Ould Kablia said police had been ordered to show restraint in containing the demonstrations and had paid for it.
              
"More than 300 police and gendarmes have been wounded, while on the other side there are fewer than 100 hurt," he said.
              
The minister said police had made an unspecified number of arrests, slamming "criminal acts of destruction and violence by demonstrators who spared neither public nor private property."
              
Youths clashed with police in Algiers and other cities across the country on Friday despite appeals for calm from imams on the third day of unrest.
              
In Annaba, 600 kilometres west of Algiers, 21 people including seven police were injured, according to emergency services and a policeman who asked not to be named.
              
The rioting, which broke out after Friday prayers in a poor neighbourhood of the city, continued late into the night and on Saturday.

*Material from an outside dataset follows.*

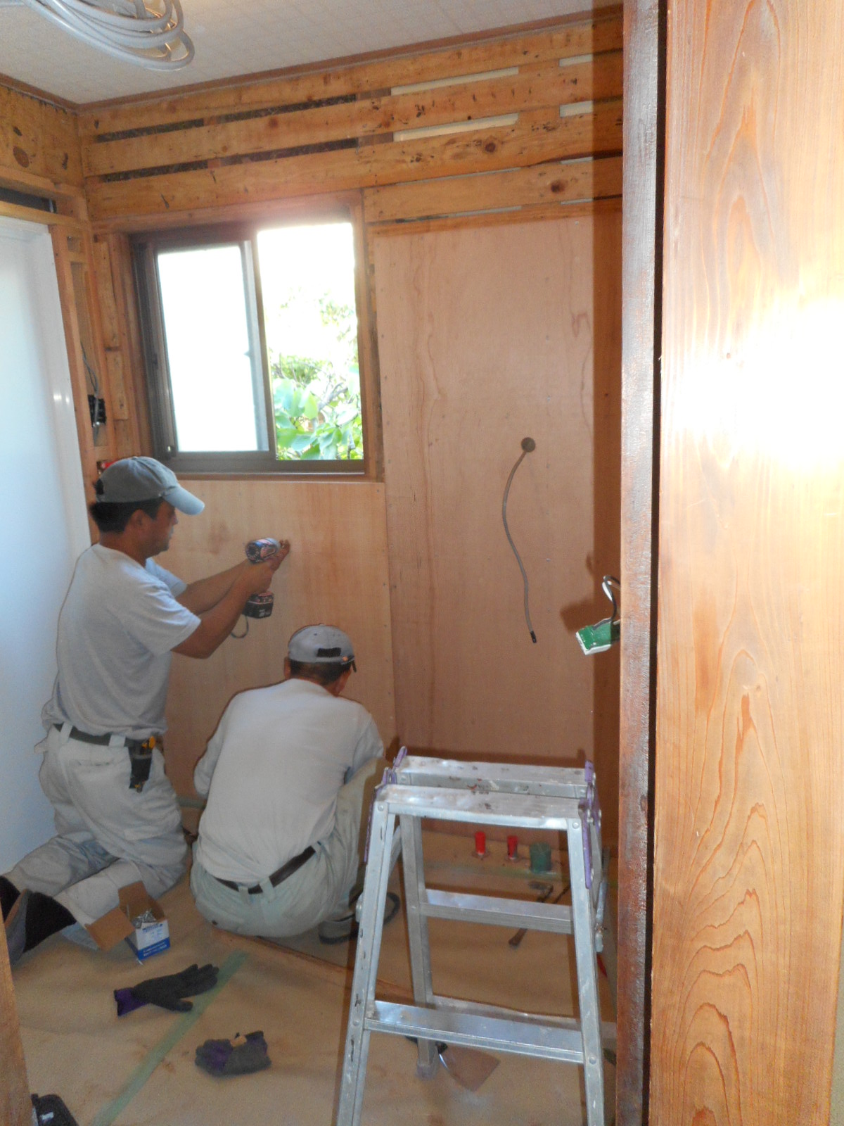 | 設備屋さんが、洗面所の化粧台と洗濯機の給排水管の整備をします!! | 壁と天井に、クロス下地のベニヤを施工いて行きます!! |

A local government office was ransacked, according to witnesses.
              
In Tizi Ouzou, capital of the eastern Kabylie region, residents said rioting had spread from the city centre to the outskirts, and demonstrators burning tyres blocked the main road to Algiers.
              
Similar protests took place in the Algiers district of Belcourt but the capital was calmer Saturday.
              
Most of the country's political parties had on Saturday called for immediate measures to tackle the crisis.
              
The National Liberation Front (FLN), the leading member of the country's ruling coalition, called in a statement for "concrete measures to fight against the leap in prices and to protect the purchasing power" of Algerians.
              
"Controls must be imposed on prices. Speculation and monopoly must be fought against," the party said, while condemning "theft and pillaging" during the riots.
              
The General Union of Algerian Workers and Trade Minister Mustapha Benbada have accused producers and wholesalers of inflating prices ahead of new measures requiring them to systematically bill for their goods.
              
The unrest in the country, which is still under a state of emergency following a civil war with Islamist extremists in the 1990s, comes as the UN Food and Agriculture Organisation (FAO)'s food price index hit its highest level since it began in 1990.
              
About 75 percent of Algerians are under the age of 30, and 20 percent of the youth are unemployed, according to the International Monetary Fund. Many are well-qualified but cannot find work.
              
In neighbouring Tunisia, which has been rocked by similar protests over high unemployment, the country's main union on Saturday observed a minute's silence for at least five people who have died since demonstrations began there last month.